36 F.3d 1103
UNITED STATES of America, Plaintiff-Appellee,
Manuel GARCIA, Jr., Defendant-Appellant.
United States Court of Appeals, Ninth Circuit.
Submitted Sept. 20, 1994.*
Decided Sept. 22, 1994.
NOTICE: Ninth Circuit Rule 36-3 provides that dispositions other than opinions or orders designated for publication are not precedential and should not be cited except when relevant under the doctrines of law of the case, res judicata, or collateral estoppel.
Before: SNEED, WIGGINS and FERNANDEZ, Circuit Judges.
Manuel Garcia, Jr. appeals the sentence of 33 months imposed following his plea of guilty to conspiracy and theft of interstate goods in violation of 18 U.S.C. Secs. 371, 659 and 2(a). Garcia claims the district court erred by basing its finding that he was an organizer or leader in the offense upon information that was not part of the record or presentence report. We have jurisdiction under 28 U.S.C. Sec. 1291 and we affirm.
We review for clear error a district court's determination that a defendant was an "organizer, leader, manager or supervisor" of an offense. United States v. Roberts, 5 F.3d 365, 371 (9th Cir.1993). We review for an abuse of discretion a district court's determination that information is reliable enough to support a sentencing adjustment. United States v. Petty, 982 F.2d 1365, 1369 (9th Cir.1993), amended 992 F.2d 1015 (9th Cir.1993), cert. denied 114 S.Ct. 684 (1994).
"A sentencing judge 'may consider a wide variety of information which would not be considered admissible at trial.' " United States v. Sustaita, 1 F.3d 950, 952 (9th Cir.1993) (quoting United States v. Kerr, 876 F.2d 1440, 1445 (9th Cir.1989)). "[T]he Confrontation Clause does not apply at sentencing, [although] a defendant ... has a due process right not to be sentenced on the basis of materially incorrect information." Petty, 982 F.2d at 1369.

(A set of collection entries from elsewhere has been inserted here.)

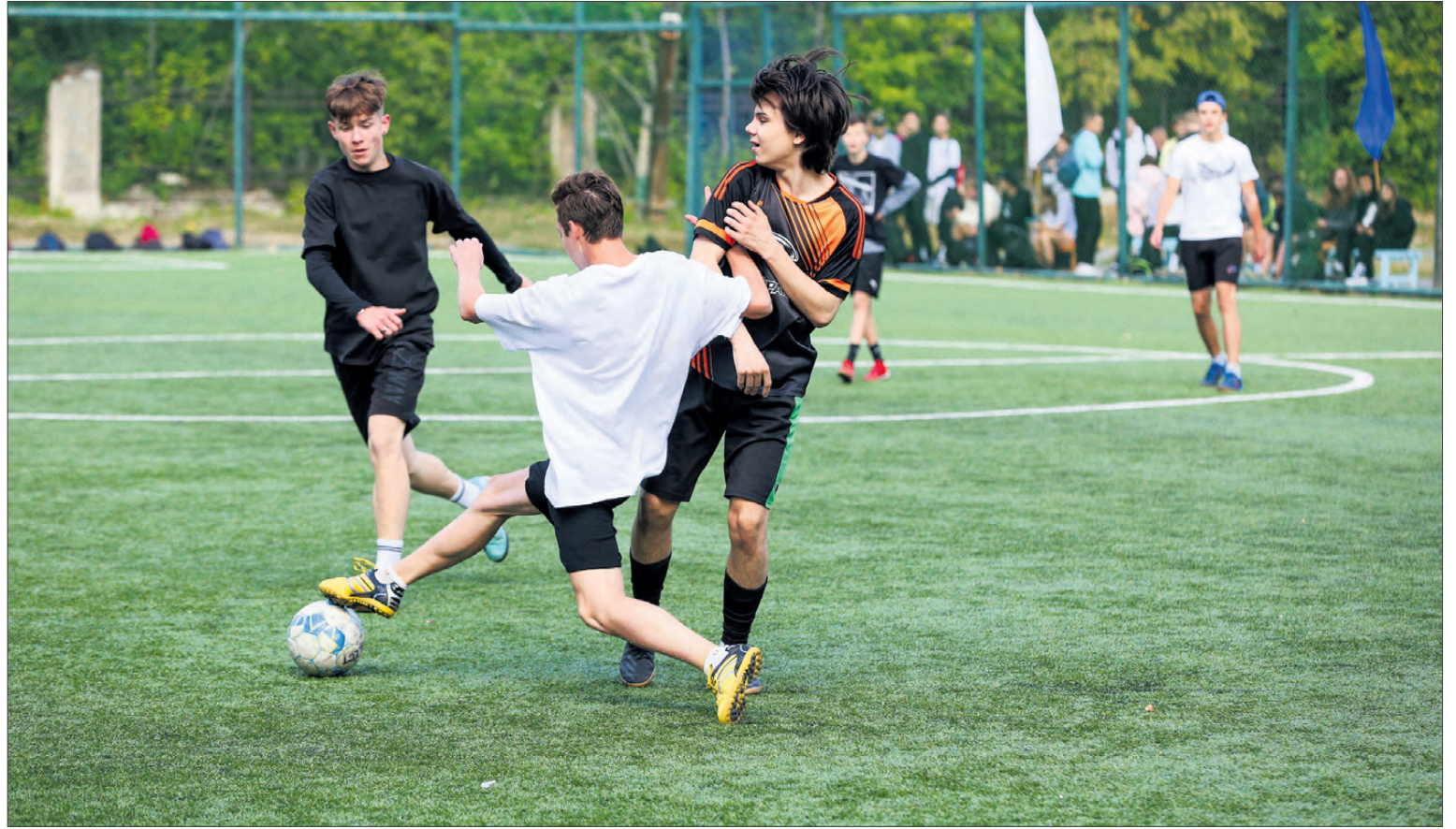
Несмотря на то, что это детский турнир, тренеры признаются, что смотреть его было интереснее, чем большой футбол.

Регламент турнира был следующим. Есть шесть команд, которые разбиваются на три турнирные пары. После первых трёх игр остаются три финалиста и играют каждый с каждым. Кто одержал больше побед, тот и победил. Такой формат проведения избрали
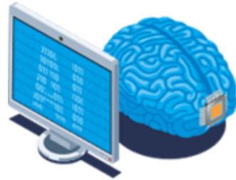
Inisiatif Kecerdasan Buatan
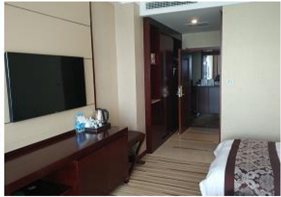
2. 大床房现场实景图片
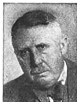
Eduard v. Steiger von Bern * 1881, seit 1941 im Amte Justiz-u. Polizeid.
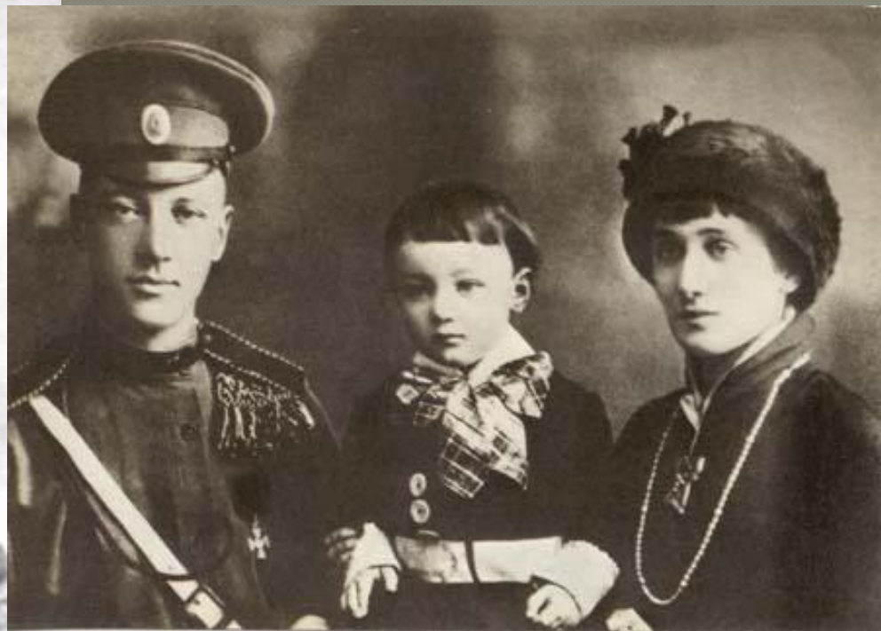
Н. Гумилев, сын Лев, жена – А. Ахматова.
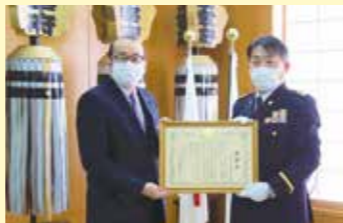
感謝状授受式の様子
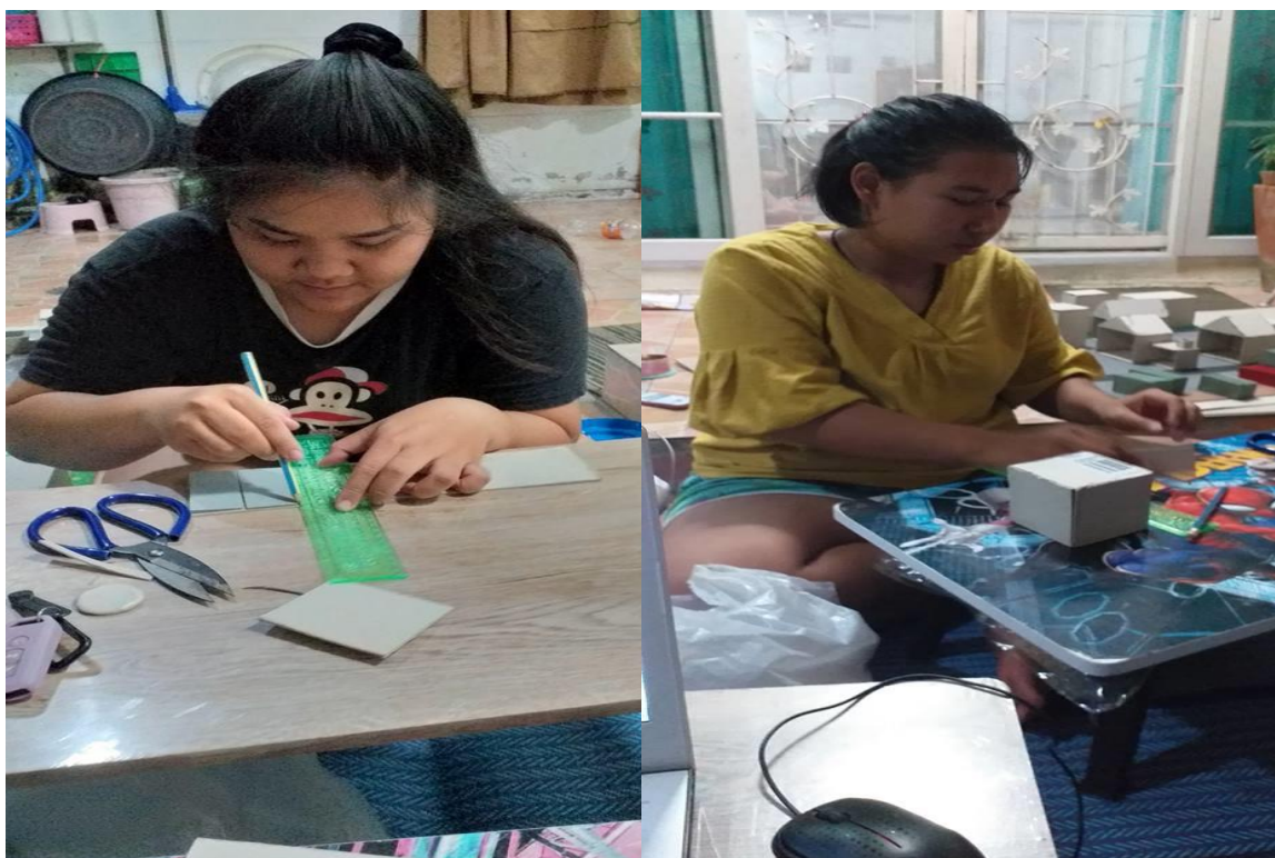
ภาพที่ ข.2 การทำโครงสร้างอาคาร
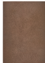
Masanori Hoshino mixed media, 2023
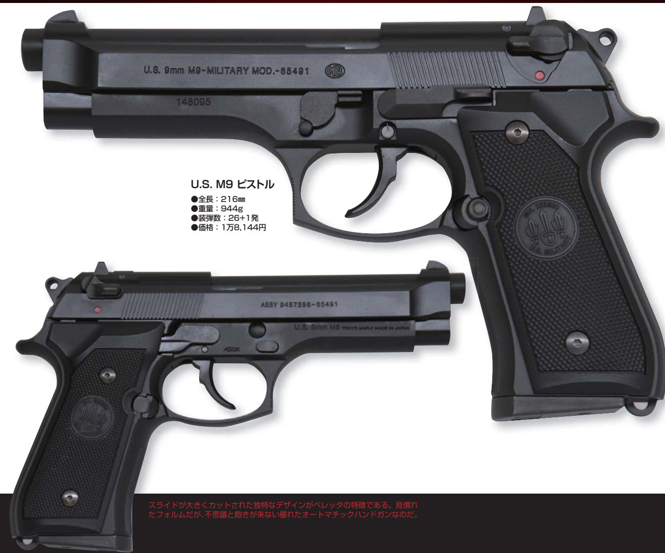
U.S. M9 ピistol
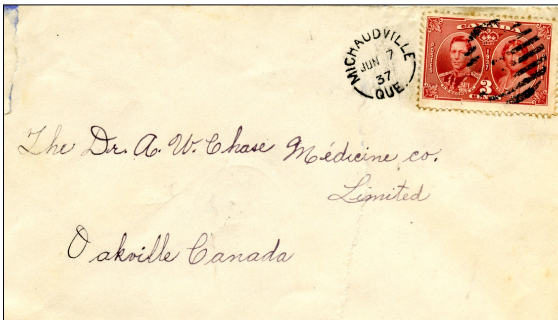
Pli postal en provenance de Michaudville en date du 7 juin 1937.

Here, federal authorities arrested Garcia along with his codefendants as they began unloading a shipment of cigarettes valued at $967,000 from a cargo trailer they had towed from a Union Pacific Railroad ("UPRR") yard. The presentence report showed that codefendant Jose Orosco, who worked as a truck dispatcher inside the UPRR yard, approached John Dycus, a confidential informant who worked at the UPRR security gate, and told him he knew someone named Garcia who was interested in stealing merchandise from the UPRR yard. Orosco told Dycus that Garcia was an associate of Lopez, who would assist in finding a storage location and a buyer for the stolen goods. Dycus agreed to help.
Orosco enlisted Borroto, a contact in another trucking company, to access computer data to discover the contents of different containers in the UPRR yard. On the even of the crime, Orosco and Dycus were at a restaurant when Garcia paged Orosco. Orosco told Garcia that he should send a truck to the yard the next morning. He promised to call Garcia later that night to tell him which containers to steal. He told Garcia that Dycus would wave his driver through.
Garcia enlisted Dominguez to drive the trailer, and met him the following morning. Alerted by Dycus, FBI special agents observed Dominguez pulling out of the UPRR yard with the stolen cargo in tow. Lopez and Garcia, who were waiting in a gold Lexus parked across the street, led Dominguez to a private warehouse, where they instructed Dominguez to back up to a loading dock. At the same time, three men drove up in a Camaro. According to Dominguez's statement to FBI agents, Garcia and Lopez told the men to stay in the car, park in the shade and wait.
Garcia told the probation office that all codefendants participated in planning the offense. The presentence report writer concluded that no role adjustment was warranted. Nonetheless, the district court concluded that Garcia was a leader, relying upon, "the totality of everything I know about this case," including Dominguez' postarrest statements as well as testimony of Borroto and Dycus offered at the trial of codefendant Lopez. Garcia argues that Dominguez's statements are unreliable because Dominguez is a liar and uses drugs. He argues further that Borroto's and Dycus's testimony is unreliable because Garcia was not allowed to cross examine them. We reject these arguments.
We have approved a district court's consideration of hearsay evidence at sentencing in the face of a Confrontation Clause challenge. See Petty, 982 F.2d at 1365. We therefore hold that sworn testimony is sufficiently reliable to support a sentencing adjustment. We further hold that Dominguez's statement was reliable, despite his personal problems, in light of the corroborating evidence that Garcia organized this offense. The district court did not abuse its discretion by considering this information, see id. at 1369, and we discern no clear error in its conclusion, see Roberts, 5 F.3d at 371.